## DIRECTIONS
Only the lines from the one containing "От отеля можно" through the end of the entries are to be copied, exactly and without pictures, please.

Source data
################

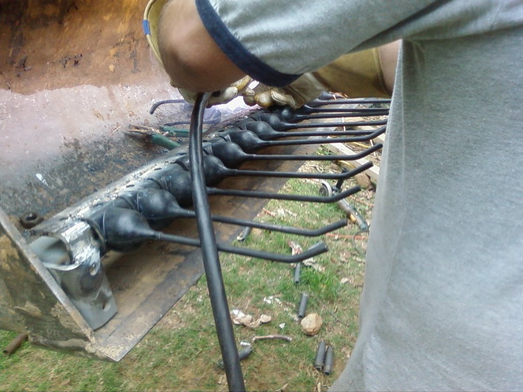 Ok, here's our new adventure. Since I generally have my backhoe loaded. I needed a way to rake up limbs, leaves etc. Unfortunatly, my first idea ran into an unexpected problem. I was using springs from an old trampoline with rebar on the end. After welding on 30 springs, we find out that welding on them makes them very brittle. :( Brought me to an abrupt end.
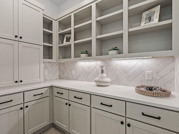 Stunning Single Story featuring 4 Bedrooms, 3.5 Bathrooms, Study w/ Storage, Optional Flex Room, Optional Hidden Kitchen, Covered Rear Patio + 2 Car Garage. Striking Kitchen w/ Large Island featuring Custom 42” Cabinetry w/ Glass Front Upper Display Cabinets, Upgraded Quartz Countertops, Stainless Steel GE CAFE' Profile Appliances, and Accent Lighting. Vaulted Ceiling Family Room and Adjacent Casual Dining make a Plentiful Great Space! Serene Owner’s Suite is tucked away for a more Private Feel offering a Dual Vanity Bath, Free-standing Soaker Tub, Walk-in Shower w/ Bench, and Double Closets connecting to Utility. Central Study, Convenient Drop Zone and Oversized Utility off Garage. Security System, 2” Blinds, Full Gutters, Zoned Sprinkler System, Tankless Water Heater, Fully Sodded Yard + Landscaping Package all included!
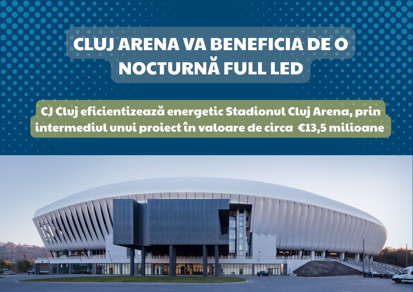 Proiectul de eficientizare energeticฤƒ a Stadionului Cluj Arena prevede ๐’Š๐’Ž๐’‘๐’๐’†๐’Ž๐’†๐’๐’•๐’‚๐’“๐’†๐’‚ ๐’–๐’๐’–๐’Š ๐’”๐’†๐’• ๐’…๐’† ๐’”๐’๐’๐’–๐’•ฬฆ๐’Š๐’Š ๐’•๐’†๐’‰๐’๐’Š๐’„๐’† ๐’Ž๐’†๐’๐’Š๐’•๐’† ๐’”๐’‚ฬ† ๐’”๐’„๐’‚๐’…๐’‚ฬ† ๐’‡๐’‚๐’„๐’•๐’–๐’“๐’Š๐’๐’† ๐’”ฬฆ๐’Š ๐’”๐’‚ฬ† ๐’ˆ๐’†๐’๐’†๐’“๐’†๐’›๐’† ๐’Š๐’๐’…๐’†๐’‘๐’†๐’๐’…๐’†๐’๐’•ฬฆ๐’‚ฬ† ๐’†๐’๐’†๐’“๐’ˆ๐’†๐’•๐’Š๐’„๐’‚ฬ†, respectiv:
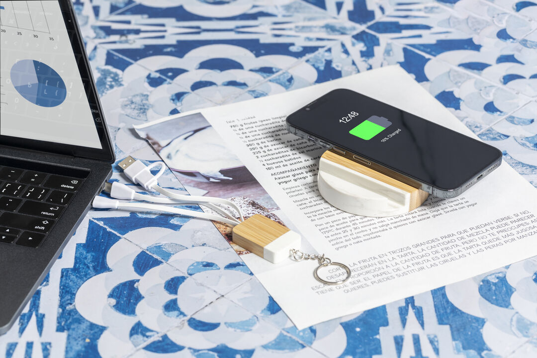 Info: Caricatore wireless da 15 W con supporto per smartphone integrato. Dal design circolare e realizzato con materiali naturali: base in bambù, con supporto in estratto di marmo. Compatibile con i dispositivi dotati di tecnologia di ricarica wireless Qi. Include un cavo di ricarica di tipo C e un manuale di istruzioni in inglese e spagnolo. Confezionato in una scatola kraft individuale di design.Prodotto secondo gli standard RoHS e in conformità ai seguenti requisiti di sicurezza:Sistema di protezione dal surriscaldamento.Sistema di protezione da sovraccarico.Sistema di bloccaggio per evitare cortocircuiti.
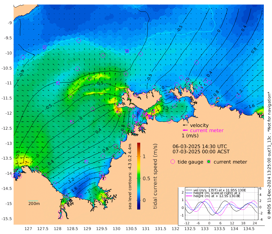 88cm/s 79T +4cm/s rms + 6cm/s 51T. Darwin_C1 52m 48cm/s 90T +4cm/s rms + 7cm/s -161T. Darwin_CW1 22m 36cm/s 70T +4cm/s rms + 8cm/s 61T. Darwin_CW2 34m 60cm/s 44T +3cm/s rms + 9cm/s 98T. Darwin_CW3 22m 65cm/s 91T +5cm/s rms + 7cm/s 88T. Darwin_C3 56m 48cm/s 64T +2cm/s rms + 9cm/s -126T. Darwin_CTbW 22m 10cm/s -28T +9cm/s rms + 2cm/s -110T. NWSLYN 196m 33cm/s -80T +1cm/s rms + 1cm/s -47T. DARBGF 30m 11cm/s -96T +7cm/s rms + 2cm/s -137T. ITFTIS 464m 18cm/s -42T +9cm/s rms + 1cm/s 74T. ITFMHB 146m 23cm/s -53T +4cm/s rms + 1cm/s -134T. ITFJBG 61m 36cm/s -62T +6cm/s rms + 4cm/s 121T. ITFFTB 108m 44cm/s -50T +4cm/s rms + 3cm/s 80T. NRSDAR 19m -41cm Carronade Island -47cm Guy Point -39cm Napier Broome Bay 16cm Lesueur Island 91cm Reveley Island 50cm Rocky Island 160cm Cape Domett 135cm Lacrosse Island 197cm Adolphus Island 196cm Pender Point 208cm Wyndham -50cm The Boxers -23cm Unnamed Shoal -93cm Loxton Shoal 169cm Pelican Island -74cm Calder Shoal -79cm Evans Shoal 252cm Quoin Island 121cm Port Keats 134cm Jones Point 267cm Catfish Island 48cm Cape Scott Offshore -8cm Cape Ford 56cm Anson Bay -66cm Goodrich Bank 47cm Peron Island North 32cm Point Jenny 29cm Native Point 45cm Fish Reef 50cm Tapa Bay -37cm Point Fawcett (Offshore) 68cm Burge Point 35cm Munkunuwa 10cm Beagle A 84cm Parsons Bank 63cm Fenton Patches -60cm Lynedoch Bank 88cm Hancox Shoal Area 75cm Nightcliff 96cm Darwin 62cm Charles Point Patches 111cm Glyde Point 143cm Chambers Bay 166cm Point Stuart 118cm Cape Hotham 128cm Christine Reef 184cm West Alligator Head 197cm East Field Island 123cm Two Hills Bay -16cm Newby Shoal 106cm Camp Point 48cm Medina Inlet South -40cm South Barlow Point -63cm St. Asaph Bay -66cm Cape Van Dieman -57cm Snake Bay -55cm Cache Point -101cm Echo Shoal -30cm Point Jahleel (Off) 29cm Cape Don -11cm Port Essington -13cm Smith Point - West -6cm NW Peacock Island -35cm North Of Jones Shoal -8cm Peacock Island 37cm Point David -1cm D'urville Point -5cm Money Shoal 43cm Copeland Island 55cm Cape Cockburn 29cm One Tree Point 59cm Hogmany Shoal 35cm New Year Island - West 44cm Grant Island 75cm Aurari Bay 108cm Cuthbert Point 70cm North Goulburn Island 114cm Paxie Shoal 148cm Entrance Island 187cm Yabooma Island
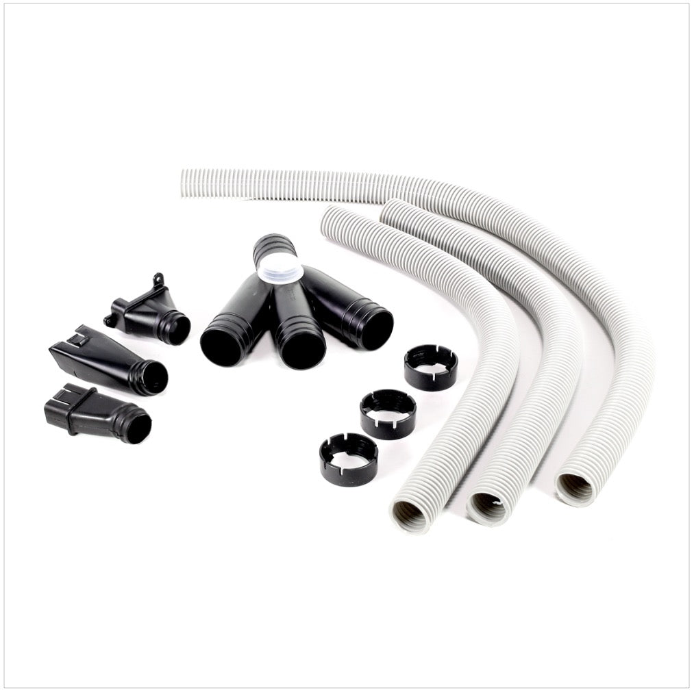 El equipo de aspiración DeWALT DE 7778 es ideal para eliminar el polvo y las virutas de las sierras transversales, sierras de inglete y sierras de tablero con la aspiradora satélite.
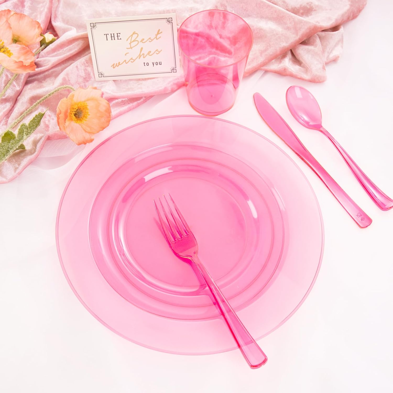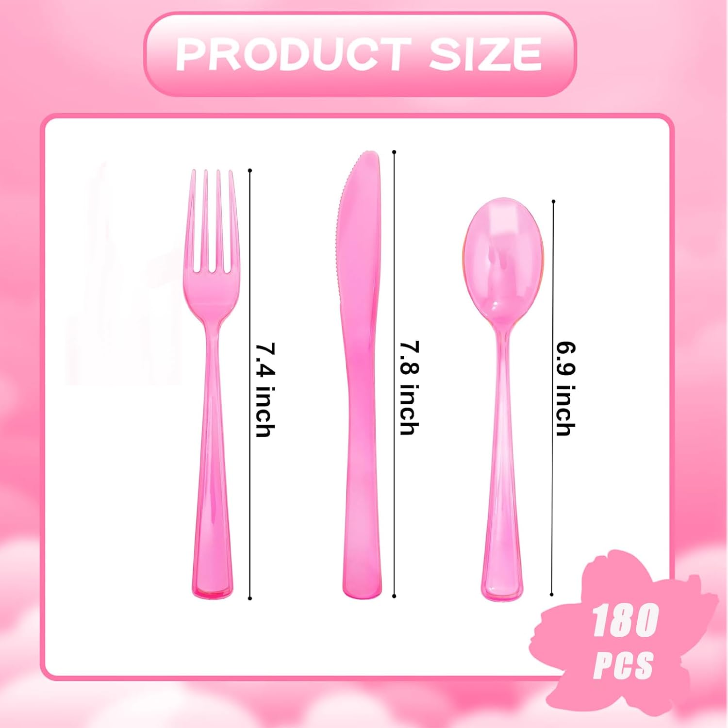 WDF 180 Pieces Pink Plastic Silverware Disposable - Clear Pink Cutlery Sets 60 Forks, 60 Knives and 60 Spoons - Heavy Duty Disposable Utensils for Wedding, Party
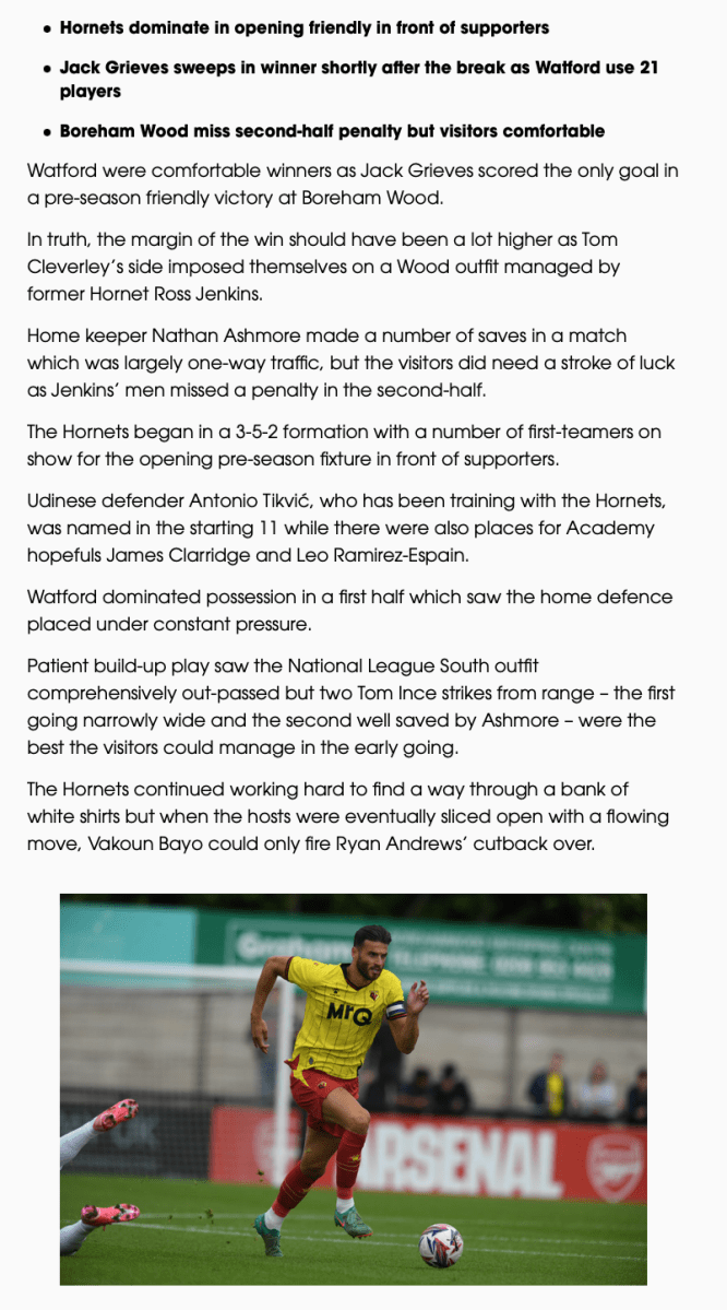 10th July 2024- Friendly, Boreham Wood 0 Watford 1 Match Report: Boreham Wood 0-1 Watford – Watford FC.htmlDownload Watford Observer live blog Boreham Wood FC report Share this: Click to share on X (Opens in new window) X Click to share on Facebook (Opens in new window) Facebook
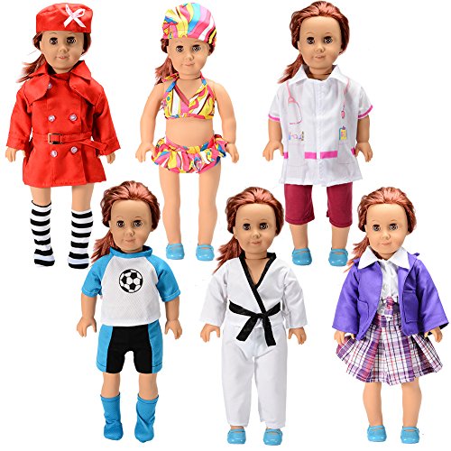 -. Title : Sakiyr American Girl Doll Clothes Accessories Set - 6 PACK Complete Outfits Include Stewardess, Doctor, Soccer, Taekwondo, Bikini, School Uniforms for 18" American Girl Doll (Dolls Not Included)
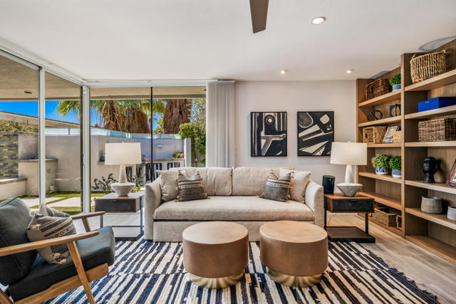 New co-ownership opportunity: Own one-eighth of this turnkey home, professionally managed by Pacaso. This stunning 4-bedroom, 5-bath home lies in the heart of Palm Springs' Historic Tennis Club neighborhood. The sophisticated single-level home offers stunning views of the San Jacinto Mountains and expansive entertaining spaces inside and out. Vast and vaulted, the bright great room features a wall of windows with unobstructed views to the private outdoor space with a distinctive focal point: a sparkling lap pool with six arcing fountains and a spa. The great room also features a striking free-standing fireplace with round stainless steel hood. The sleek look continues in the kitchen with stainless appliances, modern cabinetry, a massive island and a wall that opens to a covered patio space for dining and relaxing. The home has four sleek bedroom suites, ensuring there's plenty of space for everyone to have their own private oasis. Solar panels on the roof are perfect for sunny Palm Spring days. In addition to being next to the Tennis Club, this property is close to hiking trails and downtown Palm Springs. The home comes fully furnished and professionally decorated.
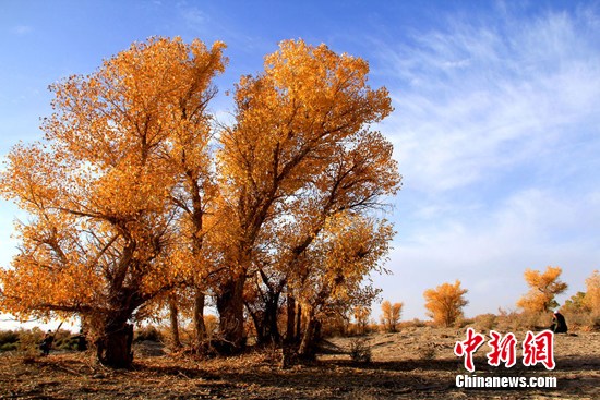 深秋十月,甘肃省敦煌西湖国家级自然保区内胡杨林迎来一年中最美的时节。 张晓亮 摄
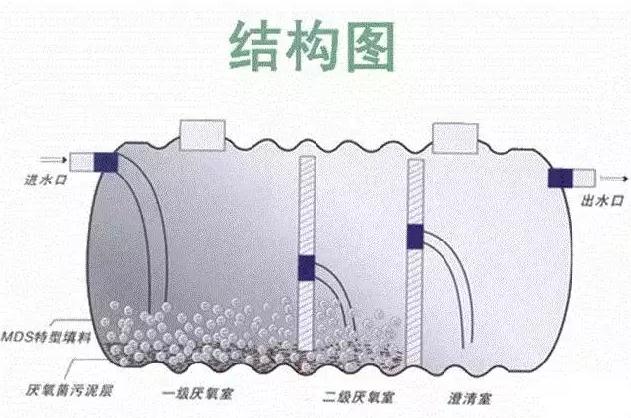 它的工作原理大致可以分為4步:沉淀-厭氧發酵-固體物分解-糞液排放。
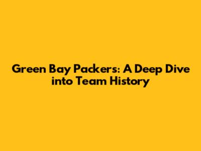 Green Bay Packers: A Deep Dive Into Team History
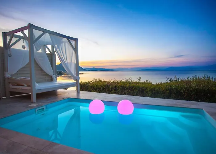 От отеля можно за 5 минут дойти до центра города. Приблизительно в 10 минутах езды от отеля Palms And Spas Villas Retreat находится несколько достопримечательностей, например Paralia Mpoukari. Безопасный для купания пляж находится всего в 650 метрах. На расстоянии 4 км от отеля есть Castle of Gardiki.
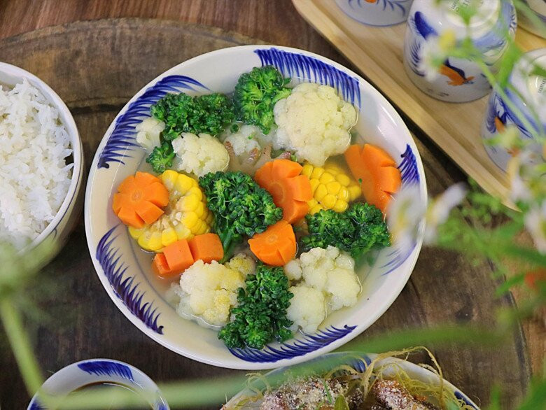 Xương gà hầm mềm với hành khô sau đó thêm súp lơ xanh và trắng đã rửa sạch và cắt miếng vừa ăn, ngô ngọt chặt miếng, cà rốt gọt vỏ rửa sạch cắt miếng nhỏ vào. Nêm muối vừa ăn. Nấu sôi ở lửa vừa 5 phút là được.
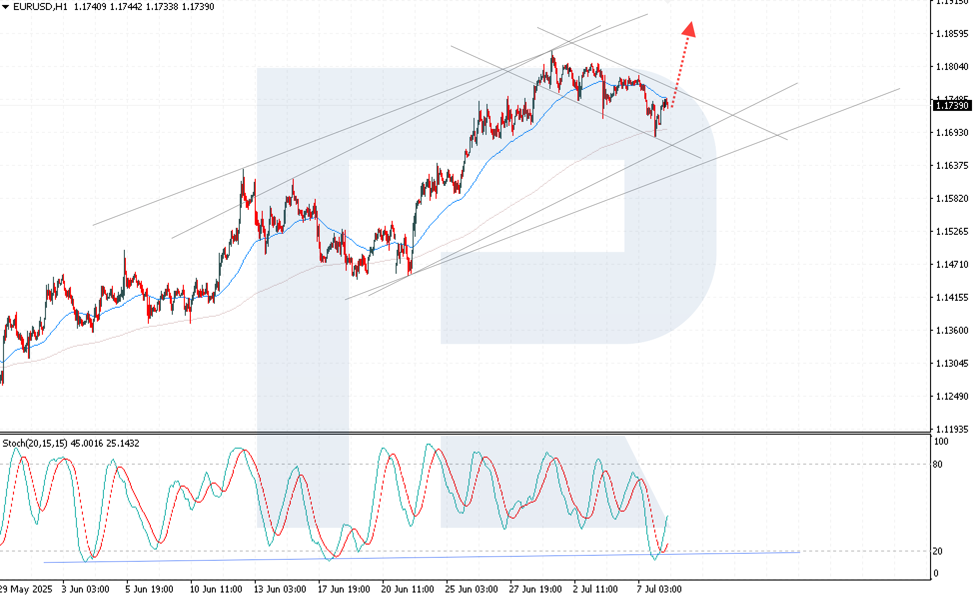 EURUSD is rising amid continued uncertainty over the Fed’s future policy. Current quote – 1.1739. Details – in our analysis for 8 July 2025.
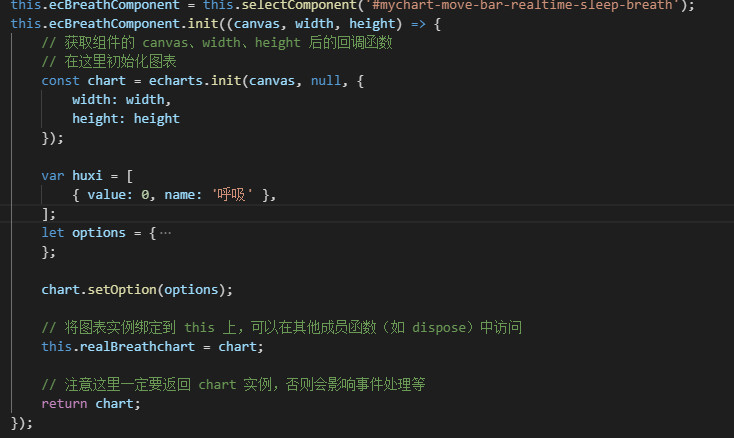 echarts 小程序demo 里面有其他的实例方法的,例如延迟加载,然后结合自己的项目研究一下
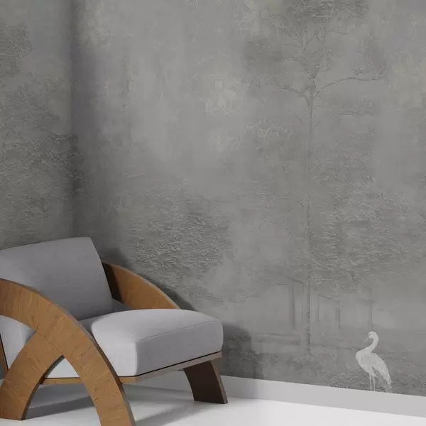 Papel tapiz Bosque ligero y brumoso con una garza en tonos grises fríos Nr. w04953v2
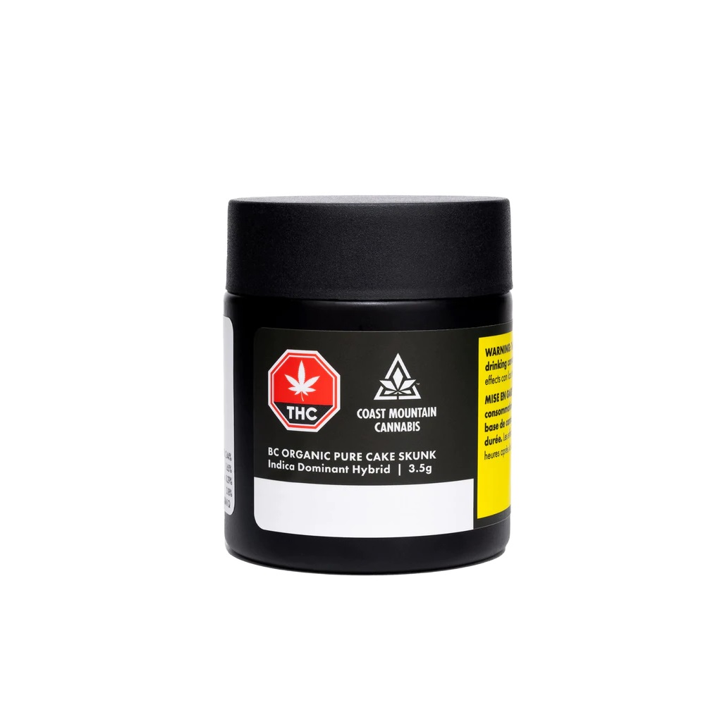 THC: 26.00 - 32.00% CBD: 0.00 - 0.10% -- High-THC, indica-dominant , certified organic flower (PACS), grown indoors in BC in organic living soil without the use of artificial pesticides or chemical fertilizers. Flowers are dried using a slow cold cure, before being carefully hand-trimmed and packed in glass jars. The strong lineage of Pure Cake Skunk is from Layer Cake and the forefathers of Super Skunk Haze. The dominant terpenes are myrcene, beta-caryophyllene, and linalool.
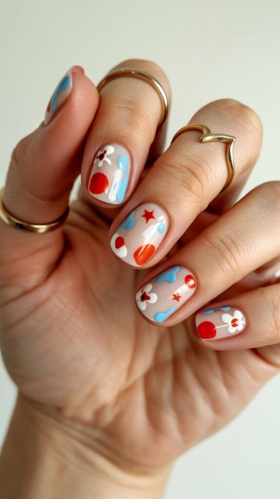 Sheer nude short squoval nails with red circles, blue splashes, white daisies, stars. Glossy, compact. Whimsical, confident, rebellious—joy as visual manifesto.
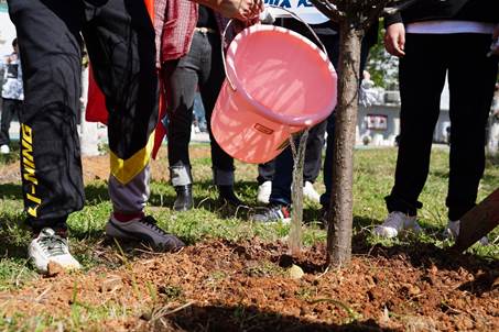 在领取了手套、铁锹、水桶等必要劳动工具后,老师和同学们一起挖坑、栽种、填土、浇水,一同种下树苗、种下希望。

################

## EXERCISE RESPONSE
 От отеля можно за 5 минут дойти до центра города. Приблизительно в 10 минутах езды от отеля Palms And Spas Villas Retreat находится несколько достопримечательностей, например Paralia Mpoukari. Безопасный для купания пляж находится всего в 650 метрах. На расстоянии 4 км от отеля есть Castle of Gardiki.
 Xương gà hầm mềm với hành khô sau đó thêm súp lơ xanh và trắng đã rửa sạch và cắt miếng vừa ăn, ngô ngọt chặt miếng, cà rốt gọt vỏ rửa sạch cắt miếng nhỏ vào. Nêm muối vừa ăn. Nấu sôi ở lửa vừa 5 phút là được.
 EURUSD is rising amid continued uncertainty over the Fed’s future policy. Current quote – 1.1739. Details – in our analysis for 8 July 2025.
 echarts 小程序demo 里面有其他的实例方法的,例如延迟加载,然后结合自己的项目研究一下
 Papel tapiz Bosque ligero y brumoso con una garza en tonos grises fríos Nr. w04953v2
 THC: 26.00 - 32.00% CBD: 0.00 - 0.10% -- High-THC, indica-dominant , certified organic flower (PACS), grown indoors in BC in organic living soil without the use of artificial pesticides or chemical fertilizers. Flowers are dried using a slow cold cure, before being carefully hand-trimmed and packed in glass jars. The strong lineage of Pure Cake Skunk is from Layer Cake and the forefathers of Super Skunk Haze. The dominant terpenes are myrcene, beta-caryophyllene, and linalool.
 Sheer nude short squoval nails with red circles, blue splashes, white daisies, stars. Glossy, compact. Whimsical, confident, rebellious—joy as visual manifesto.
 在领取了手套、铁锹、水桶等必要劳动工具后,老师和同学们一起挖坑、栽种、填土、浇水,一同种下树苗、种下希望。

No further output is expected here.